= Threshold cryptosystem =

Type of cryptosystem

A threshold cryptosystem, the basis for the field of threshold cryptography, is a cryptosystem in which the secret key is split into a number of pieces that are given to different parties. Several parties (more than some threshold number) can then cooperate to use the cryptosystem.

More precisely, let $n$ be the number of parties. A cryptosystem is called (t,n)-threshold, if at least t of these parties can cooperate to perform the desired operation (usually sign a message or decrypt a ciphertext), while any subset of fewer than t parties cannot.

Threshold cryptography allows to store secrets in multiple locations to prevent the capture of the secret and the subsequent cryptanalysis of that system. This makes the method a primary trust sharing mechanism, besides its safety of storage aspects.

Constructions for threshold cryptosystems often combine an existing non-threshold cryptosystem with a secret sharing.

==History==
Perhaps the first system with complete threshold properties for a trapdoor function (such as RSA) and a proof of security was published in 1994 by Alfredo De Santis, Yvo Desmedt, Yair Frankel, and Moti Yung.

Historically, only organizations with very valuable secrets, such as certificate authorities, the military, and governments made use of this technology. One of the earliest implementations was done in the 1990s by Certco for the planned deployment of the original Secure electronic transaction.
However, in October 2012, after a number of large public website password ciphertext compromises, RSA Security announced that it would release software to make the technology available to the general public.

In March 2019, the National Institute of Standards and Technology (NIST) conducted a workshop on threshold cryptography to establish consensus on applications, and define specifications. In July 2020, NIST published "Roadmap Toward Criteria for Threshold Schemes for Cryptographic Primitives" as NIST IR 8214A. In August 2022, NIST published an initial public draft for "Notes on Threshold EdDSA/Schnorr Signatures" as NIST IR 8214B. In January 2023, NIST published an initial public draft for the "NIST First Call for Multi-Party Threshold Schemes" as NIST IR 8214C, followed by a second public draft in March 2025.

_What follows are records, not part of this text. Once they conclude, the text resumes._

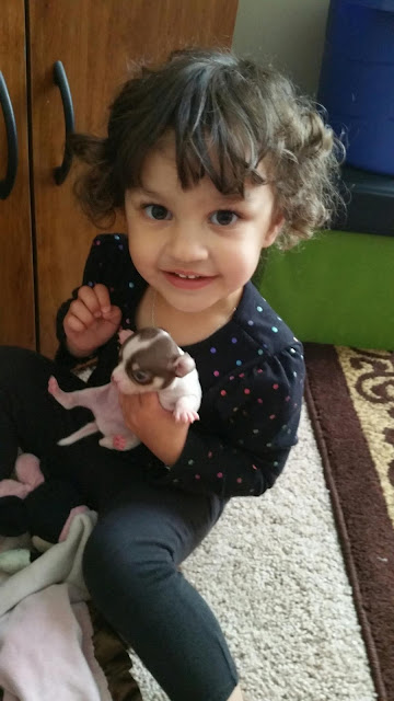After 7 years Twinkle had her first puppy. It's a boy! All 3 of the girls are in love with him ;-)
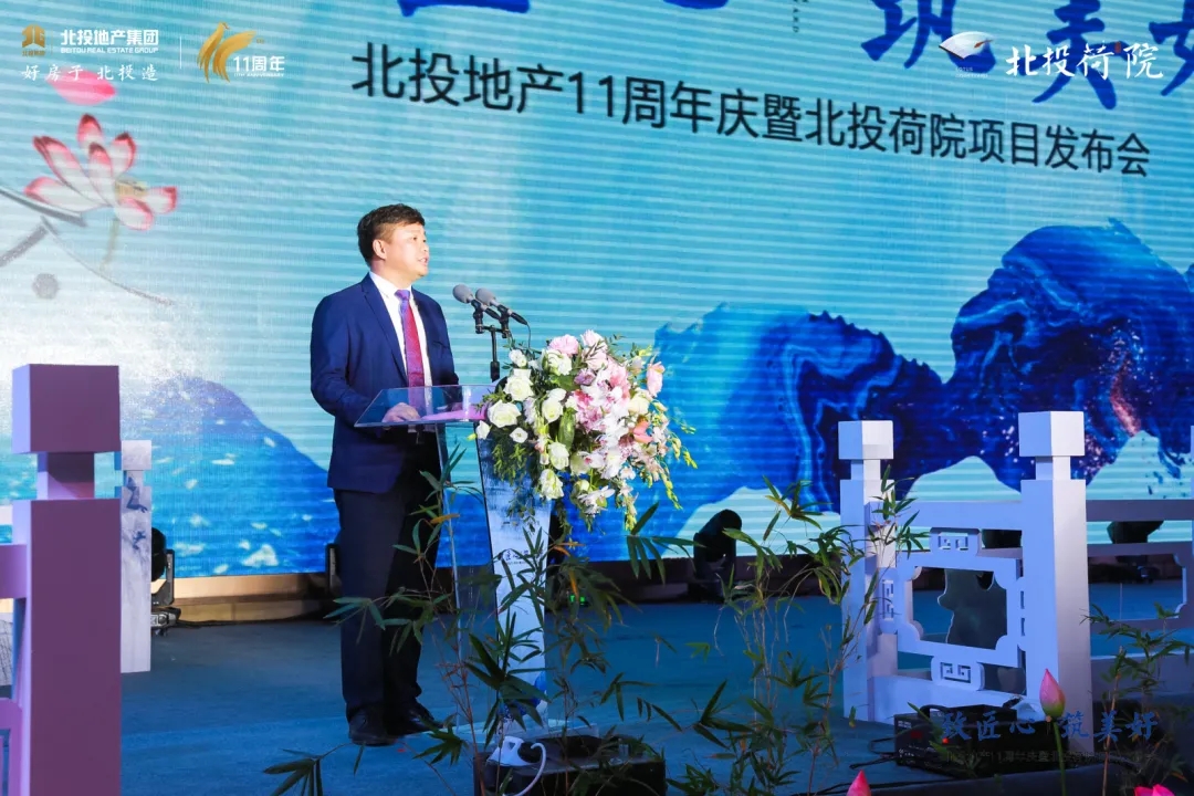 北投集團黨委書記、董事長朱堅和對北投地產11周年慶暨北投荷院產品發布會的順利舉辦表示祝賀,代表北投集團向頑強拼搏、奮力追夢的北投地產全體員工致以親切慰問。
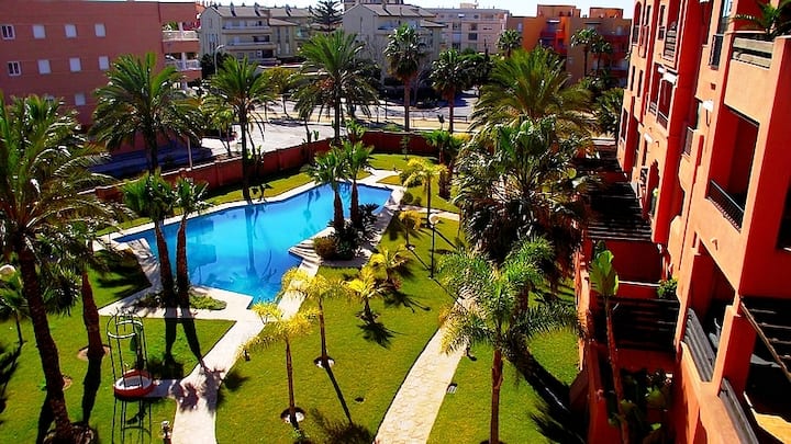 Lys lejlighed ved havet, pool, aircondition, wi-fi

== Threshold signatures ==

In a (t,n) threshold signature scheme, a signing key is split into n shares, each share being given to a party. Any subset of at least t of the n parties behaving honestly can cooperate to jointly sign a message. On the other hand, every subset of fewer than t parties cannot forge a signature, even if they collude.

There is a trivial way to create a threshold signature scheme using any signature scheme. Each of the n parties generates its own secret signing key, and publishes the corresponding verification key. A party willing to sign a message simply signs it with its own individual key, and publishes its signature. A signature for the threshold signature scheme is a concatenation of (at least) t individual signatures, and can be verified by verifying the individual signatures one by one. The downside of this trivial approach is that the size of the signature and the time needed for verification grows linearly with t. Usually, it is desired that the size of the signature and the time needed for verification are constant in t and n.

Many existing signature schemes have been thresholdized, notably Schnorr signatures, ECDSA, and BLS.

== Threshold decryption ==

Similarly to threshold signatures, public-key encryption schemes can be thresholdized, so that at least t parties must cooperate to decrypt a message.

Such threshold versions have been defined by the above and for the following schemes:

- Damgård–Jurik cryptosystem
- ElGamal
- Paillier cryptosystem
- RSA

== See also ==
- Broadcast encryption
- Distributed key generation
- Secret sharing
- Secure multi-party computation
- Shamir's Secret Sharing
- Threshold (disambiguation)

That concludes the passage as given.